Seqanswers Leaderboard Ad

Collapse

Announcement

Collapse
No announcement yet.
X
 
  • Filter
  • Time
  • Show
Clear All
new posts

  • Question about exon limits and annotation..

    Lets say I have processed raw reads from a tumor-normal paired exome experiment and made them fit for mutation calling. I have two bam files that I feed into a mutation caller and since its an exome experiment, I limit the variant calls to mutations limited to exons + 10 bases only by generating a .bed file of refgenes from the UCSC table browser.

    Now, theoretically all the mutation calls made by the caller are exonic or splicing.

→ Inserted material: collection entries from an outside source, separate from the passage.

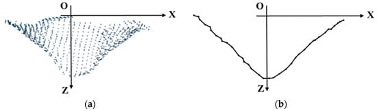 The point cloud data of the pressed hole were tracked, spliced, and deleted with the EXStar v1.0.6.0 software, and then projected onto the XOZ plane, as shown in Figure 11a. In the projected section, edge points were retained, and the background was processed to be white. The Matlab software was used to detect and extract the X and Z coordinates of the edge points. By fitting those edge points, the section contour of the pressed hole is obtained, as shown in Figure 11b.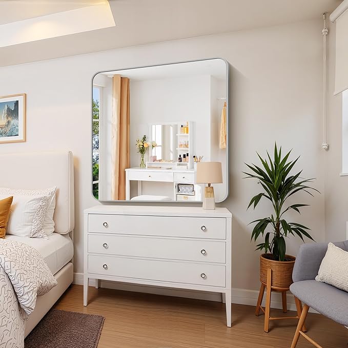 FORBATH 42x42 Inch Silver Bathroom Mirror for Over Sink, Large Square Wall Mirror with Metal Frame, Rounded Corners for Bathroom, Bedroom, Entryway Decor (Horizontal or Vertical)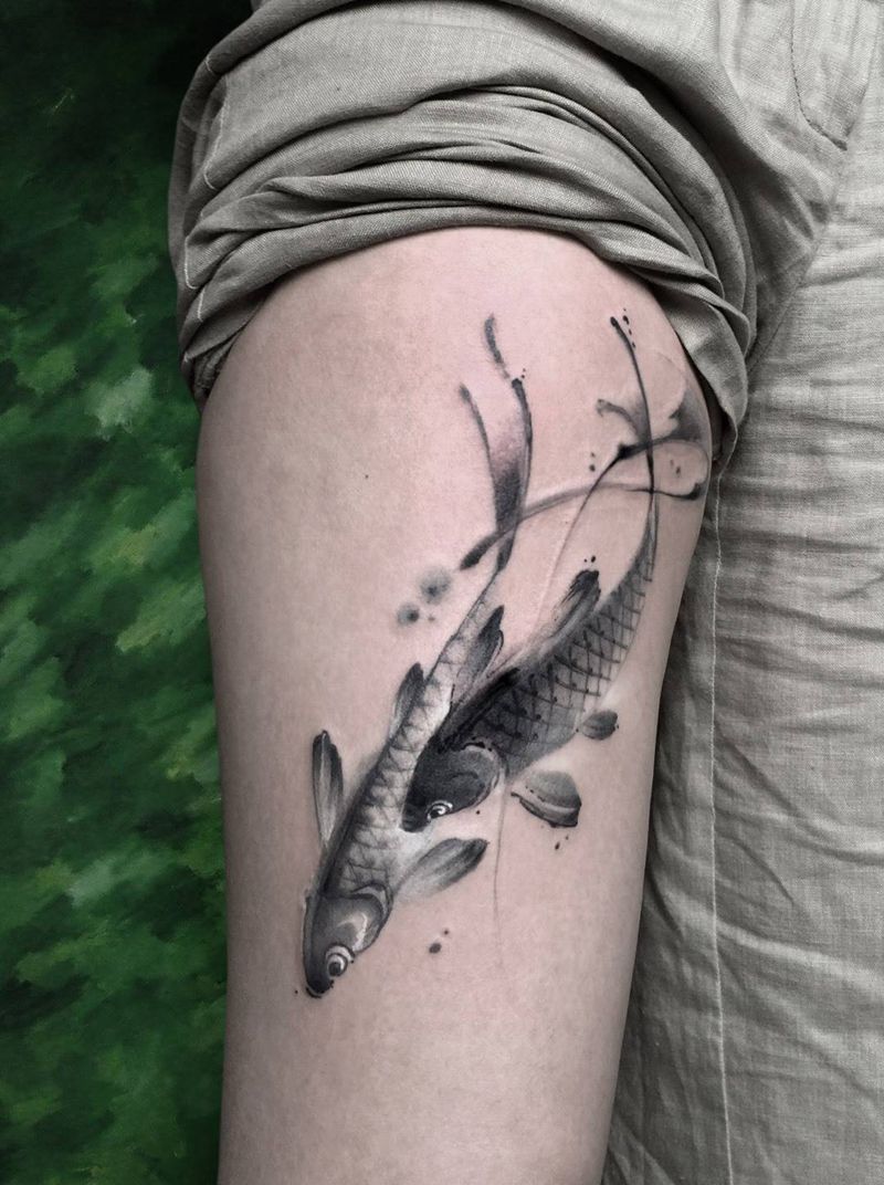 双鱼纹身图片_成品脚部原创动物清新传统植物宗教腿部纹身图案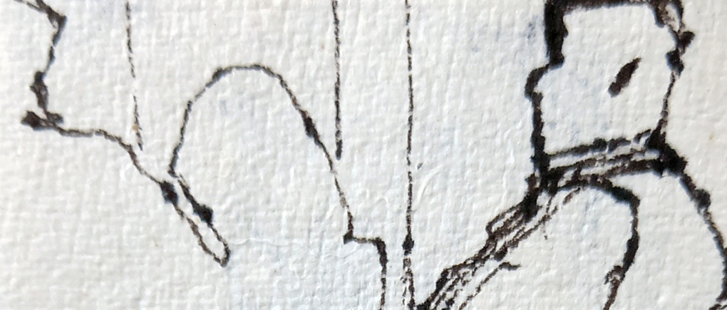 I was at a conference over last weekend. It was a good one, not one of the boring, meaningless jollies I remember from my younger working days. I guess people don’t have time to waste now, or demand better value for money. But I found a few minutes here and there to have a quick scribble into my teeny leather-bound sketchbook with a Faber Castell Pitt drawing pen (Sepia size S).

    But when I run these calls through an annotation software and annotate it against a refgene set (tried both snpEff and Annovar (with annovar I used the default hg19 set)), only approximately 65%-80% of the calls are exonic or splicing. The rest are annotated as intronic, upstream, downstream and a zillion other things..

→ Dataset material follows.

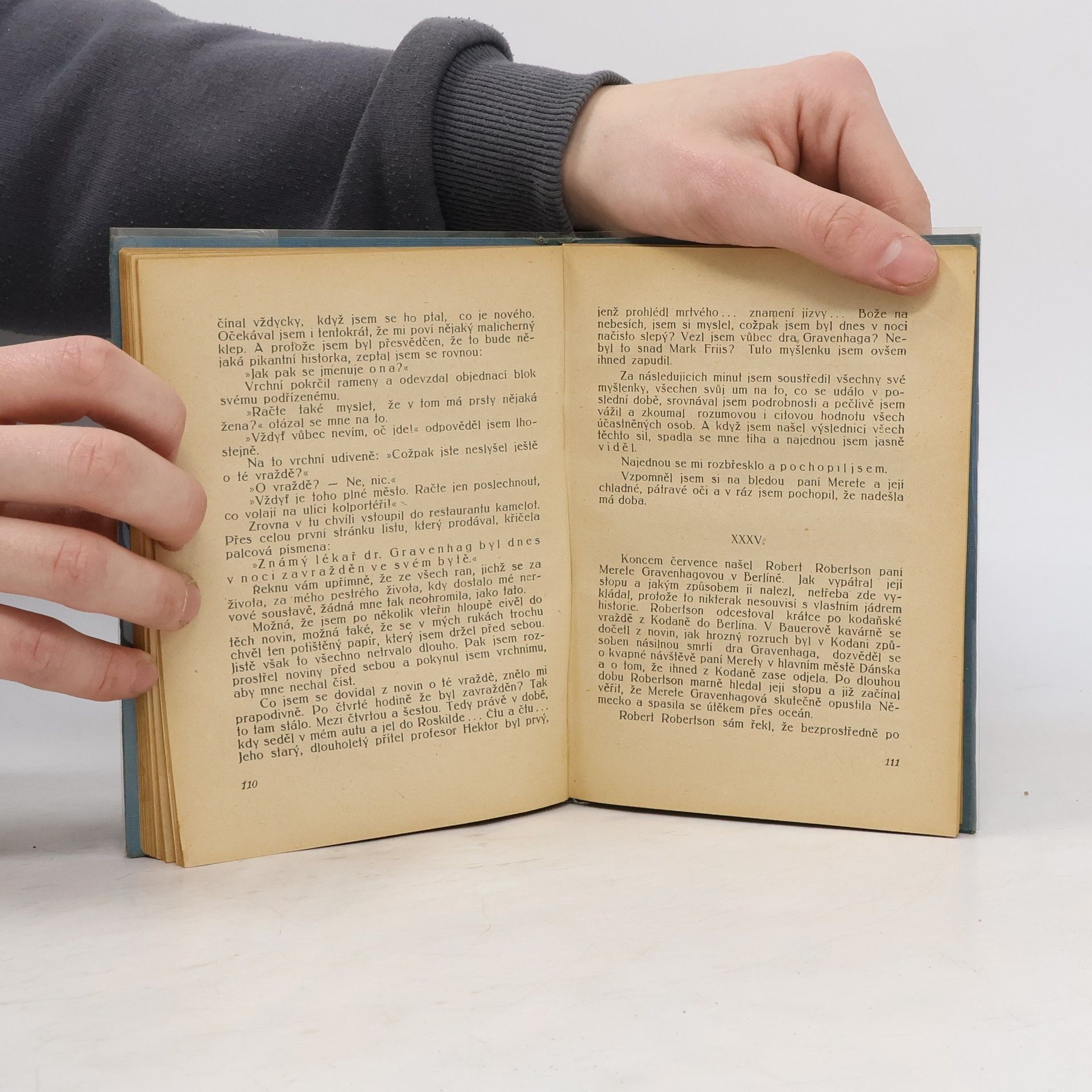 Autor předkládá příběh vraždy známého Kodaňského chirurga dra Gravenhaga, kdy po třech měsících od jeho pohřbu je v Berlíně zavražděn muž, který vypadá zcela jako dr. Gravenhag, má jeho jizvu na zádech a jeho doklady. Popis situace a vyšetřování obou vražd, v němž je policie bezradná, prokládá vyprávěním dobrodruha Roberta Robertsona. Ten totiž odhalil proč a jak k oběma vraždám došlo.

    I have been trying to think of an explanation as to why. But I just cant.

    Has anybody here noticed this before? Is there an explanation as to why this is happening?

    Thank you.

    Shyam.

    PS: Its not a problem with the mutation caller either; I have tried 2 of them..
    Last edited by shyam_la; 07-25-2012, 03:03 PM.

  • #2
    I'm wondering if this is the product of alternative splicing in your annotation/sequencing set. For example, maybe an alternative 3' terminal exon could lead something being called as upstream? Or a skipped exon, could lead to an intronic call?

    I'd overlay your SNP calls with the annotation in something like IGV and see if you can visualize what might be the reason.

    Comment


    • #3
      Thanks for responding.
      That doesn't make sense to me really..
      Everything is already aligned to the reference genome. Base 12345678 is going to be intronic or exonic, and hence mutation at base 12345678 is going to be either intronic or exonic respectively, irrespective of how different isoforms are spliced. Isn't it??
      Alternative splicing will affect which exons are there in the protein, but can't affect where exactly a particular aligned base position falls in the genome structure, right?
      Could I be doing something wrong post-mutation calling that is leading to this effect?

      Comment


      • #4
        You're right about whether or not a mutation at a specific base in exon or intron should be irrespective of the isoform, assuming everything is working as you think it is and being treated consistently. However, what I'm wondering is if the annotation files and the sequencing all had the same isoforms annotated, or even if the programs are handling these annotation files equivalently. That's why I'd say just go look at it in IGV. If you can visually see nothing but exon/splicing SNPs, you'll know its a problem with how these programs are calling SNPs relative to the annotation files. Then if you visualize SNPs outside the exon/splicing regions, then you know its something wrong with your initial screen.

        Comment


        • #5
          Sounds like an idea! Will update asap..
          Thanks.
          One question: Can IGV visualise just a list of chr and base positions? I hve one column with chromosomes and one column with base positions on the chromosome (I have 2 more columns with reference allele and observed allele, but those are irrelevant for the purposes of our discussion)..

          Comment


          • #6
            I'm note sure if IGV could load what you want. Here's a list of the supported file formats: http://www.broadinstitute.org/software/igv/FileFormats

            If you can convert your data to VCF, that would work? You might have to do some file format manipulation to get it working. Or maybe find a more flexible viewer.

            Comment


            • #7
              Well, I just picked 10 random spots from the list and tested them individually.. Half the time the annotation is correct (comparing to IGV), half the time its not..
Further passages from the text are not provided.